I tried to catch your attention this morning.

Remember when you came back to your seat and closed your eyes and put your head down and talked and talked to me.

I wanted you to listen.

I wanted to tell you to open your eyes and look at my broken body all around you.

I tried to catch your attention that time the toddler stood on the seat and spoke to you, but you gave me a dirty look and humiliated me and didn't hear me.

I was the unmarried mother at the end of your seat, the old man in front of you, the family of seven children across the aisle from you - and I almost had the impression you disapproved of me.

I was the woman in the green coat whose husband left her this week and whose heart was being eaten out right through Mass, and a friendly smile or word would have been a little support to me.

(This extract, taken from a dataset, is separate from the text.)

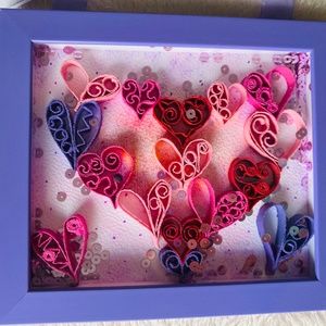 Those are our new Quilling love sensory painting These design will stimulate your senses through unique quilling paper designs, a delicate mixture of colors and brightness. This painting has sequins inside with which you can play and go through the quilling paper designs, generating a feeling of calm, serenity helping to calm stress.

I am your wife who cooked the lunch and coped with the children and all the burdens of the house while you read the Sunday newspaper and then went out.

I am your husband and your children and you stamped and huffed and gave us your cold silent treatment for three and a half long hours after Mass. You blackened and deadened the whole atmosphere of our home.

I am your mother and father and you have ignored and mocked and criticised and tortured as only a teenager knows how.

I am your teenage son whom you've lost belief in and your nagging is driving me crazy.

I am your next-door neighbor whom you spend so much time gossiping about and criticizing.

I am your fellow parishioner whom you meet every day in the street and you ignore me, busy about your own concerns.

And it sickens me, all the coldness, all the squabbling and division and those endless running battles that scourge me and crown me with thorns. And then you pierce my side at Holy Communion with your empty words of love.

If you love me, feed my sheep, my starving sheep, and start in your own home.

Please don't keep me at bay any longer.

Don't talk to me. Listen.

I don't want you to go on loving my spirit and ignoring my body. I don't want you to open your mouth to receive my body and close your eyes and ears to shut it out.

When will you understand that you cannot have Holy Communion with me if you don't have communion with your brothers and sisters in your own family and parish?

Stop thinking of me as some kind of spiritual being in the skies. I am one with these people and you cannot have me without them.

On the last day, I won't ask you how many times you went to Mass - that is not your holiness. I will ask how your own family and neighbours fared, how your spouse and children grew in love and faith.

How did they live their Mass?

Please. Open your eyes and ears. Stop, look and listen, and make time for me by making time for them.